- Konavattam Location in Tamil Nadu, India
- Coordinates: 12°55′23″N 79°06′41″E﻿ / ﻿12.92306°N 79.11139°E
- Country: India
- State: Tamil Nadu
- District: Vellore District
- Talukas: Vellore

Government
- • Body: Vellore city municipal Corporation
- • Mayor: mrs.P. Karthiyayini

Languages
- • Official: Tamil, Urdu
- Time zone: UTC+5:30 (IST)
- PIN: 632013
- Telephone code: 91 416
- Vehicle registration: TN 23
- Lok Sabha constituency: Vellore
- Vidhan Sabha constituency: Vellore
- Civic agency: Vellore city municipal Corporation

= Konavattam =

Western parts of Vellore City, Tamil Nadu, India

Konavattam is a part of Vellore Municipal Corporation, located at the western end of the city.
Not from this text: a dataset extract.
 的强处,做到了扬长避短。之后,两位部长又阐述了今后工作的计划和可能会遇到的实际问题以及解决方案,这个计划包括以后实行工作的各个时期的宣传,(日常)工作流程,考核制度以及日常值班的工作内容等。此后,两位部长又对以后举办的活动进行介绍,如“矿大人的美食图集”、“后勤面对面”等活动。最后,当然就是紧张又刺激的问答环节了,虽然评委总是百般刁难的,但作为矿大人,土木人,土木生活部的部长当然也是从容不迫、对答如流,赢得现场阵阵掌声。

Konal in Tamil means the zig zag; Vattam means the circle. Hence the original name of the place seems the zig zag circle. Its in Vellore district in the Indian state of Tamil Nadu. For the city of Vellore, Konavattam is the gateway to NH-46 highway. This area houses major automobiles dealerships and is close to the idle Vellore airport at Abdullapuram. It has 2 depots of tnstc-vpm (vellore region).

==Demographics==
As of 2001 India census, Konavattam had a population of 9351. Males constitute 49% of the population and females 51%. Konavattam has an average literacy rate of 67%, higher than the national average of 59.5%: male literacy is 74%, and female literacy is 60%. In Konavattam, 13% of the population is under 6 years of age. The main spoken language is Tamil. Minority language spoken is Urdu. Migrant languages include Telugu, Marathi, and Malayalam.